I am compiling and testing on a Linux Mint Maya (Ubuntu 12.04 based) box and then cross-compiling with mingw32 to run on a Windows PC.
Everything works fine when I:
- Compile and run on a linux box with a linux-created text file
- Cross-compile on linux and run on Windows with a linux-created text file
However, when I:
- Cross-compile on linux and run on Windows with a Windows-created text file
the result is not as expected; the first few characters are skipped.
I need the program to handle either Windows-created or linux-created text files.
The (silly content for now just as a test) input file I am using in all cases (one created on linux box; one created on Windows using Notepad) is :
A new beginning
just in case
the file was corrupted
and the darn program was working fine ...
at least it was on linux
When I read the file in and use the program (code shown below) the linux-created text file produces the proper output:
Line 1: A new beginning
Line 2: just in case
Line 3: the file was corrupted
Line 4: and the darn program was working fine ...

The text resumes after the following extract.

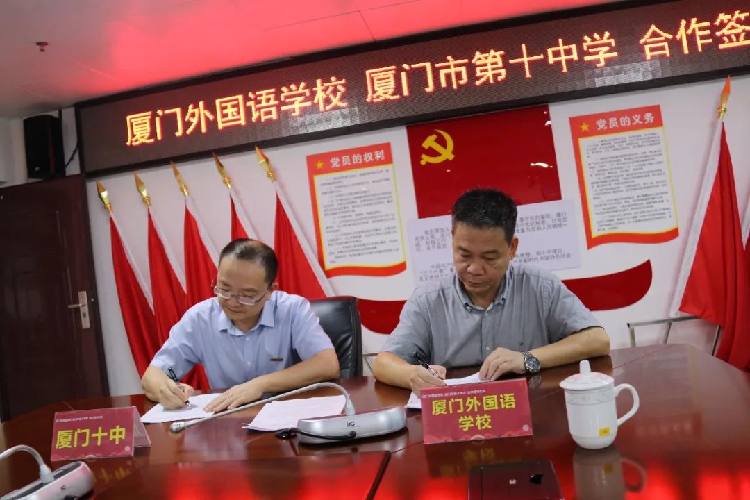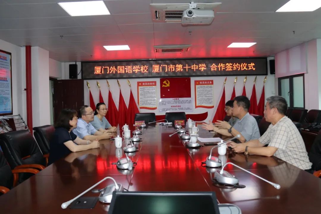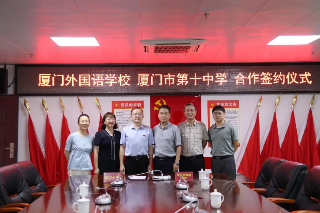 為了充分發(fā)揮廈門外國語學(xué)校作為全國文明校園和福建省首批示范性普通高中校的示范輻射作用,促進教育均衡發(fā)展,在廈門市教育局的指導(dǎo)下,經(jīng)雙方多次溝通協(xié)調(diào),2022年6月14日,廈門外國語學(xué)校與廈門市第十中學(xué)舉行兩校結(jié)對共建儀式。廈門外國語學(xué)校副校長鄭遠鵬、教研室主任鄒春盛、辦公室副主任王承琦和廈門市第十中學(xué)校長遲建偉、副校長張秀紅、教科室主任鄭梅凱參加本次活動。

Line 5: at least it was on linux
When I use the Windows-created text file and run the program on a Windows PC, the output is:
Line 1: A new beginning
Line 2: t in case
Line 3: e file was corrupted
Line 4: nd the darn program was working fine ...

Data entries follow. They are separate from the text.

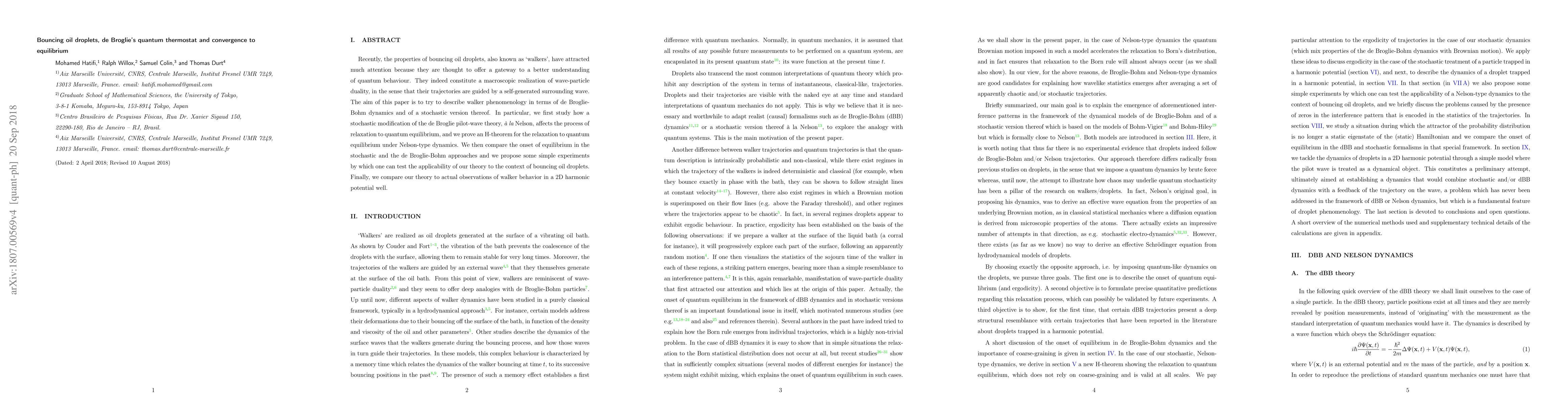 Recently, the properties of bouncing oil droplets, also known as "walkers", have attracted much attention because they are thought to offer a gateway to a better understanding of quantum behaviour. They constitute indeed a macroscopic realization of wave-particle duality, in the sense that their trajectories are guided by a self-generated surrounding wave. The aim of this paper is to develop a phenomenological theory for the behavior of walkers in terms of de Broglie-Bohm and Nelson dynamics. We study in particular how modifications of the de Broglie pilot-wave theory, \`a la Nelson, affect the process of relaxation to quantum equilibrium, and prove an H-theorem for the relaxation to quantum equilibrium under Nelson dynamics. We compare the onset of equilibrium in the Nelson and de Broglie-Bohm approaches and we also propose some simple experiments by which one can test the applicability of our theory to the context of bouncing oil droplets.
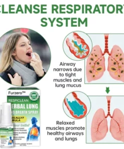 Furzero™️ RespiClean Herbal Lung and Breath Spray is specifically formulated to address conditions such as asthma, bronchitis, bronchial expansion, smoking-related issues, colds and flu, allergies, chronic obstructive pulmonary disease (COPD), pneumonia, coughing, emphysema, lung mucus, pulmonary fibrosis, chronic sinus pulmonary disease, and more.
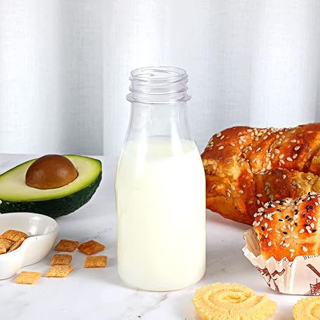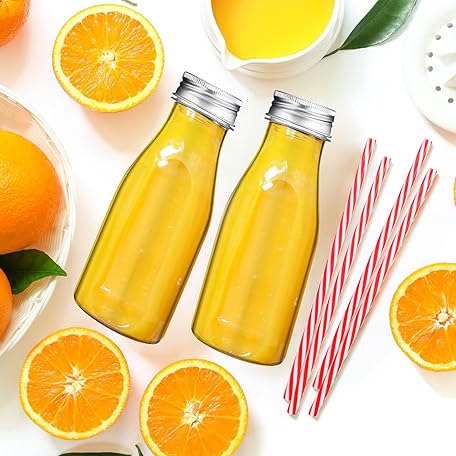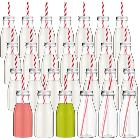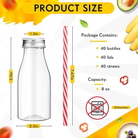 Irenare 40 Sets Plastic Small Milk Bottles with Straws and Metal Lids Clear Plastic Bottle for Dairy Milk Party Bottle for Milk Juices Shakes Smoothies, 40 Bottles and 40 Straws (Silver,8 oz)

Line 5: at least it was on linux
As you can see, there are characters missing from lines 2,3,4 but not from 1,5:
- 0 characters missing from the start of line 1
- 3 characters missing from the start of line 2
- 2 characters missing from the start of line 3
- 1 characters missing from the start of line 4
- 0 characters missing from the start of line 5
I expect this has something to do with the differences in handling of newline in linux and Windows text files but I have read the other postings on this and tried the solutions but it does not seem to be solving the issue. I am sure I am missing something very basic and apologize in advance if so, but I've been banging away at this for over a week and need help.
The code I am using is:
int main(int argc, char** argv)
{
/*
*Program to:
* 1) read from a text file
* 2) do some validation checks on the content of that text file
* 3) output a report to another text file
*/
std::string rc_input_file_name = "rc_input_file.txt";
std::string rc_output_file_name = "rc_output_file.txt";
char *RC_INPUT_FILE_NAME = new char[ rc_input_file_name.length() + 1 ];
strcpy( RC_INPUT_FILE_NAME, rc_input_file_name.c_str() );
char *RC_OUTPUT_FILE_NAME = new char[ rc_output_file_name.length() + 1 ];
strcpy( RC_OUTPUT_FILE_NAME, rc_output_file_name.c_str() );
std::ifstream rc_input_file_holder;
rc_input_file_holder.open( RC_INPUT_FILE_NAME , std::ios::in );
if ( ! rc_input_file_holder.is_open() )
{
std::cout << "Error - Could not open the input file" << std::endl;
return EXIT_FAILURE;
}
else
{
std::ofstream rc_output_file_holder;
rc_output_file_holder.open( RC_OUTPUT_FILE_NAME , std::ios::out | std::ios::trunc );
if ( ! rc_output_file_holder.is_open() )
{
std::cout << "Error - Could not open or create the output file" << std::endl;
return EXIT_FAILURE;
}
else
{
std::streampos char_num = 0;
long int line_num = 0;
long int starting_char_pos = 0;
std::string file_line = "";
while ( getline( rc_input_file_holder , file_line ) )
{
line_num = line_num + 1;
long unsigned file_line_length = file_line.length();
std::string string_to_find = "\r";
std::string string_to_insert = "\n";
long unsigned num_char_in_string_to_find = string_to_find.length();
long unsigned character_position;
while ( ( character_position = file_line.find( string_to_find ) ) != std::string::npos )
{
if ( character_position == file_line_length - num_char_in_string_to_find )
{
// If the \r character is found at the end of the line,
// it is the old Mac style newline,
// so replace it with \n
file_line.replace( character_position , num_char_in_string_to_find , string_to_insert );
file_line_length = file_line.length();
}
else
{
// If the \r character is found but is not the last character in the line
// it could be the second-last character meaning it is a Windows newline pair \r\n
// or it could be somewhere in the middle of the line
// so delete it
file_line.erase( character_position , num_char_in_string_to_find );
file_line_length = file_line.length();
}
}
int field_display_width = 4;
rc_output_file_holder << "Line " << line_num << ": " << file_line << std::endl;
starting_char_pos = rc_input_file_holder.tellg();
}
rc_input_file_holder.close();
rc_output_file_holder.close();
delete [] RC_INPUT_FILE_NAME;
RC_INPUT_FILE_NAME = 0;
delete [] RC_OUTPUT_FILE_NAME;
RC_OUTPUT_FILE_NAME = 0;
}
}
}
Any and all suggestions appreciated ...